The improvement activities described in the SPP are ongoing efforts. The following are new improvement activities to be implemented through FFY12/SFY13.

 New Improvement Activity Timelines & Resources

New Improvement Activity Timelines & Resources
The Adverse Pregnancy Outcome Reporting System (APORS) referral process will be reviewed to ensure that it has been successfully implemented.

By December 2010, the CFC offices will be surveyed to determine if the process is being implemented appropriately and is responsive to the needs of CFC offices and families identified through the APORS. Information from the survey will be discussed with CFC offices.

Resources include APORS, the Bureau of Early Intervention, and the CFC offices.

Continue participation in Assuring Better Child Health & Development (ABCD) III, IHB2 project, including CFC office participation in pilot project activities and data sharing between the HFS and the IL Department of Humans Services/EI.

Selection of pilot sites will be completed by January 2011. Pilot activities and the development and implementation of data sharing activities will be an ongoing activity.

Resources include HFS and its IHB2 Project Management Committee and subcommittees, Bureau of Early Intervention, and CFC offices.

Continued participation in Children's Health Insurance Program Reauthorization Act (CHIPRA) Child Health Quality Demonstration Grant.
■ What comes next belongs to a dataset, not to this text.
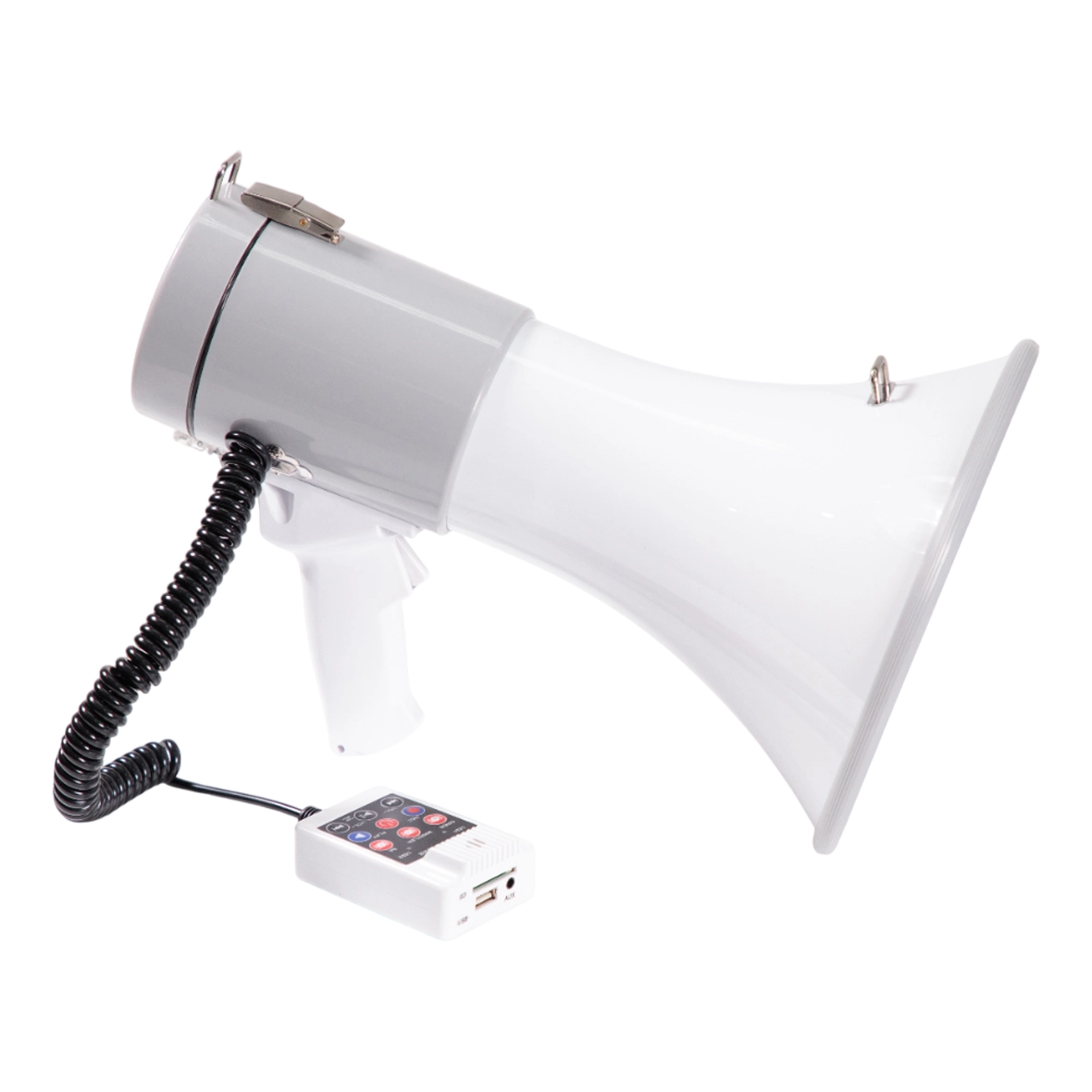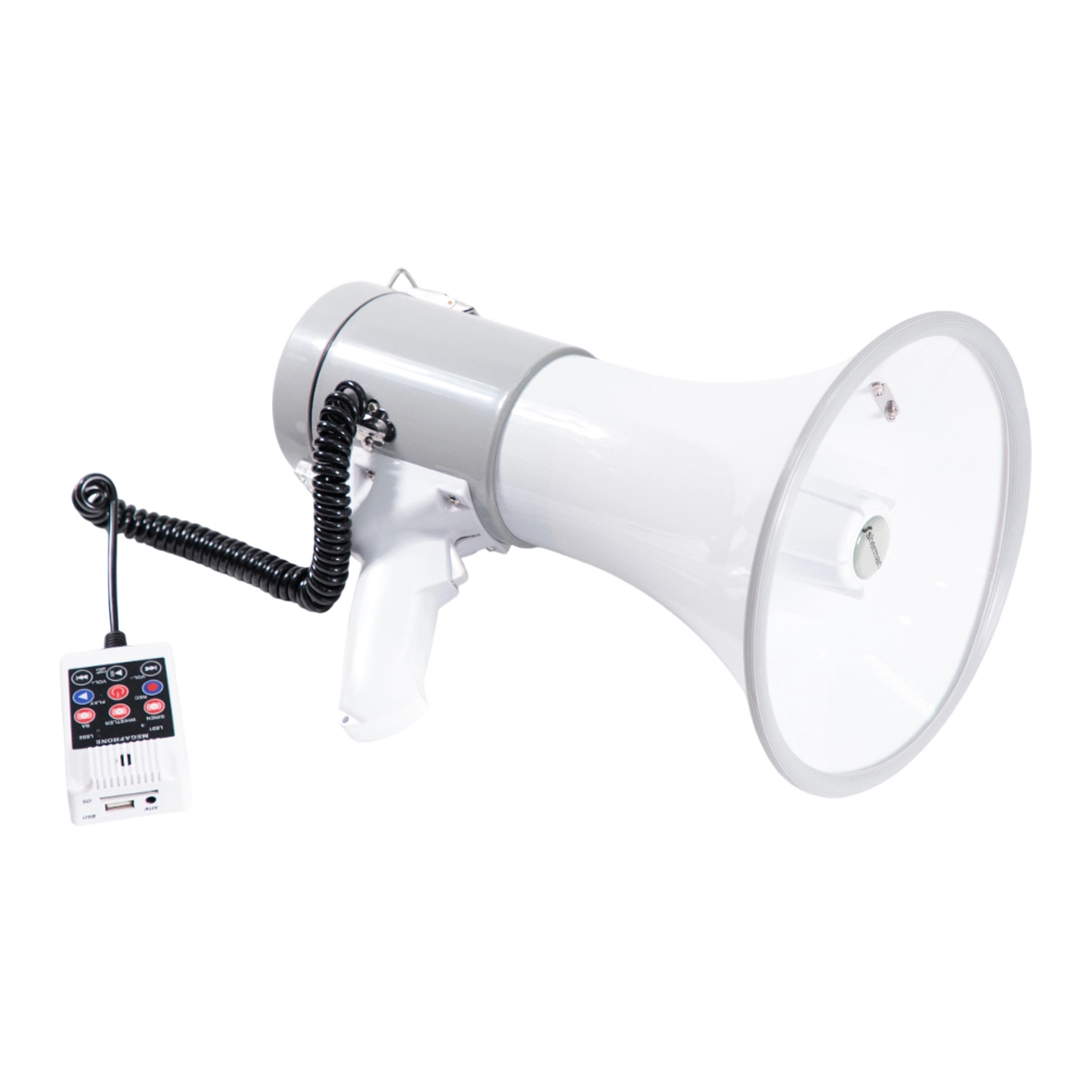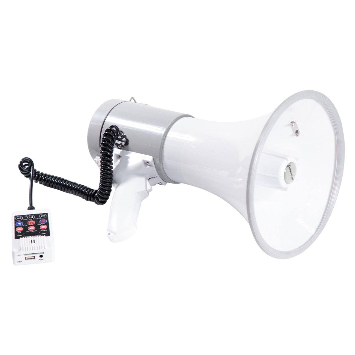 โทรโข่งมือถือ หรือ Megaphone 9 นิ้ว ขนาด 25 วัตต์ (สูงสุด 50 วัตต์) คุณภาพดี มีสายสะพายปรับระดับได้ พร้อมด้วยระบบเสียงเตือนแบบไซเรน และแตรรถ รองรับไฟล์เสียง MP3 จาก USB และ SD Card พร้อมด้วยแบตเตอรี่ลิเธียม ขนาด 7.4 V/1500mAh หรือใช้ถ่านไฟฉาย ขนาด D จำนวน 8 ก้อน สามารถใช้งานได้ต่อเนื่อง 4-5 ชั่วโมง เหมาะสําหรับงานภาคสนาม ,กิจกรรมลูกเสือ-เนตรนารี และหน่วยรักษาความปลอดภัย

Bureau staff will continue participation in work groups and assist in the development and implementation of strategies throughout the grant period (i.e., 2015).

Resources include HFS and its CHIPRA Child Health Quality Demonstration Grant work groups, Bureau of Early Intervention, and CFC offices.
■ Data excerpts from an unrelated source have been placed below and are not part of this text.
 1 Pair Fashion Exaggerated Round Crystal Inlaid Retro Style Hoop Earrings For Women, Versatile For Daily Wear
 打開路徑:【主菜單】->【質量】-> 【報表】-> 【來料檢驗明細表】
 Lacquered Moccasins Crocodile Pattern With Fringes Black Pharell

Continue participation in Enhancing Developmentally Oriented Primary Care (EDOPC).

Bureau and EI Training Program staff will continue participation in the EDOPC advisory group and CFC offices will participate in pilot project activities.

Resources include the Advocate Health Care Steps Program, Illinois Chapter, American Academy of Pediatrics, Bureau of Early Intervention, EI Training Program, and CFC offices.

Utilize Program Integrity pilot project efforts to identify barriers to participation of infants in the program and develop strategies that can be shared with other CFC offices.

A CFC office with low under 1 participation rate will be chosen as a pilot project in FFY10/SFY11. Identification of barriers, implementation of strategies, and sharing strategies with other CFC offices will be an ongoing effort. Resources include the Bureau of Early Intervention, the EI Training Program, EI System Ombudsman, and the EI Monitoring Program.